*** Information provided ***

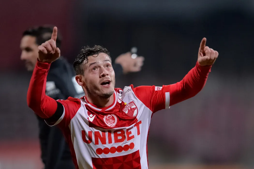 Gabriel Torje reactioneaza dupa ce a inscris in partida dintre echipele Dinamo si Gaz Metan Medias, partida disputata in etapa cu numarul 27 din Liga 1 de fotbal, pe stadionul Dinamo din Bucuresti, vineri, 18 februarie 2022. ALEXANDRU DOBRE / MEDIAFAX FOTO
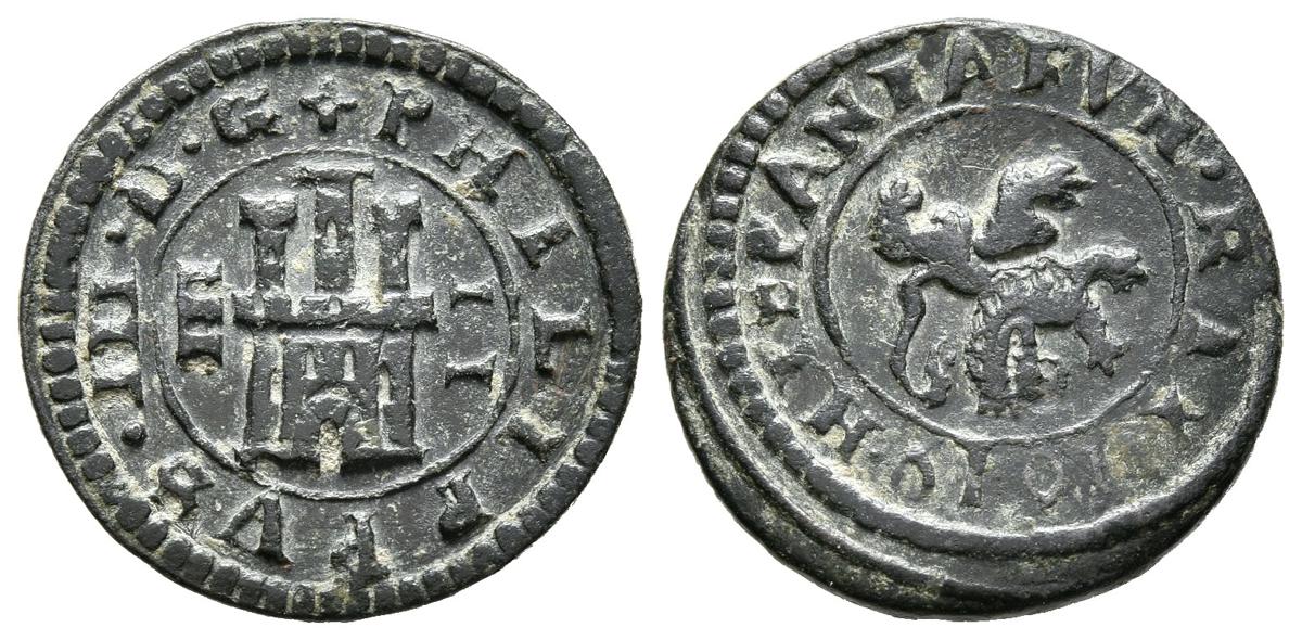 English PHILIP III (1598-1621). 2 Marvels. (Ae. 1.83g/16mm). 1619. Segovia. (Cal-2019-194). vertical aqueduct. Very Fine.
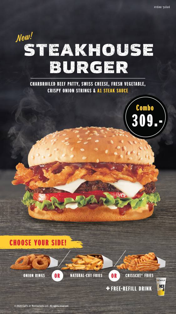 คาร์ลซ จูเนียร์ นำเมนูฮิตๆ จากฝั่งอเมริกา “The Steakhouse Burger” ส่งมาให้ฟินๆ ช่วงตรุษจีนนี้ไปจนถึงสิ้นเดือนมีนาคมนี้ (กุมภาพันธ์ - มีนาคม 2564)
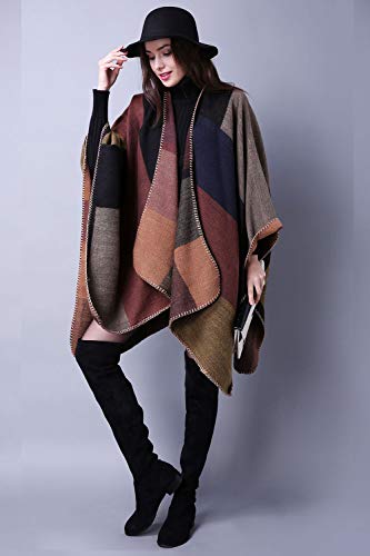KirGiabo Women's Plaid Sweater Poncho Cape Coat Open Front Blanket Shawls and Wraps 3
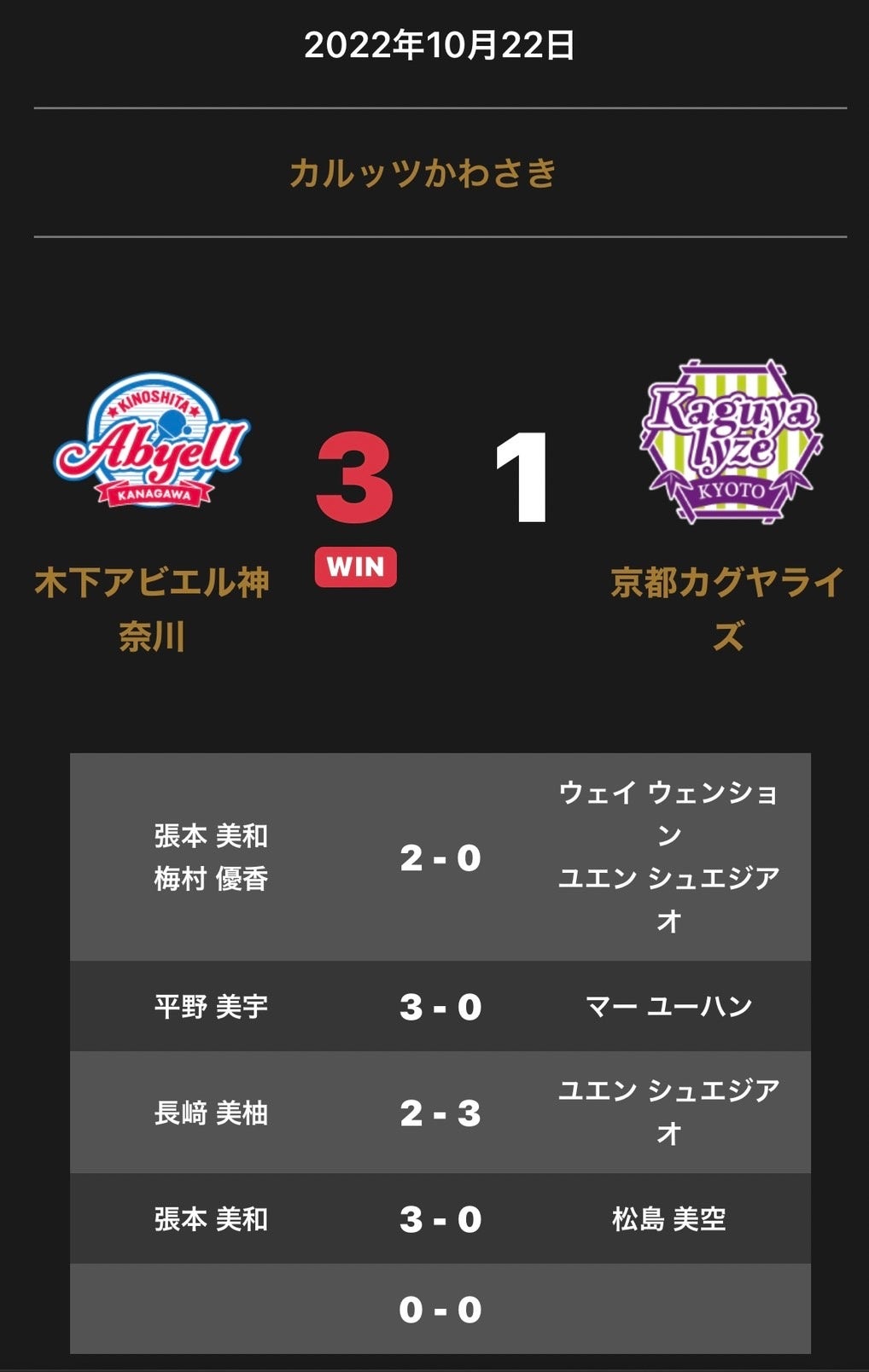 木下アビエル神奈川と京都カグヤライズの試合は3-1で木下アビエル神奈川が勝利しました。

*** End of Information provided ***

What you return must be every entry, word for word, without any pictures.

 Gabriel Torje reactioneaza dupa ce a inscris in partida dintre echipele Dinamo si Gaz Metan Medias, partida disputata in etapa cu numarul 27 din Liga 1 de fotbal, pe stadionul Dinamo din Bucuresti, vineri, 18 februarie 2022. ALEXANDRU DOBRE / MEDIAFAX FOTO
 English PHILIP III (1598-1621). 2 Marvels. (Ae. 1.83g/16mm). 1619. Segovia. (Cal-2019-194). vertical aqueduct. Very Fine.
 คาร์ลซ จูเนียร์ นำเมนูฮิตๆ จากฝั่งอเมริกา “The Steakhouse Burger” ส่งมาให้ฟินๆ ช่วงตรุษจีนนี้ไปจนถึงสิ้นเดือนมีนาคมนี้ (กุมภาพันธ์ - มีนาคม 2564)
KirGiabo Women's Plaid Sweater Poncho Cape Coat Open Front Blanket Shawls and Wraps 3
 木下アビエル神奈川と京都カグヤライズの試合は3-1で木下アビエル神奈川が勝利しました。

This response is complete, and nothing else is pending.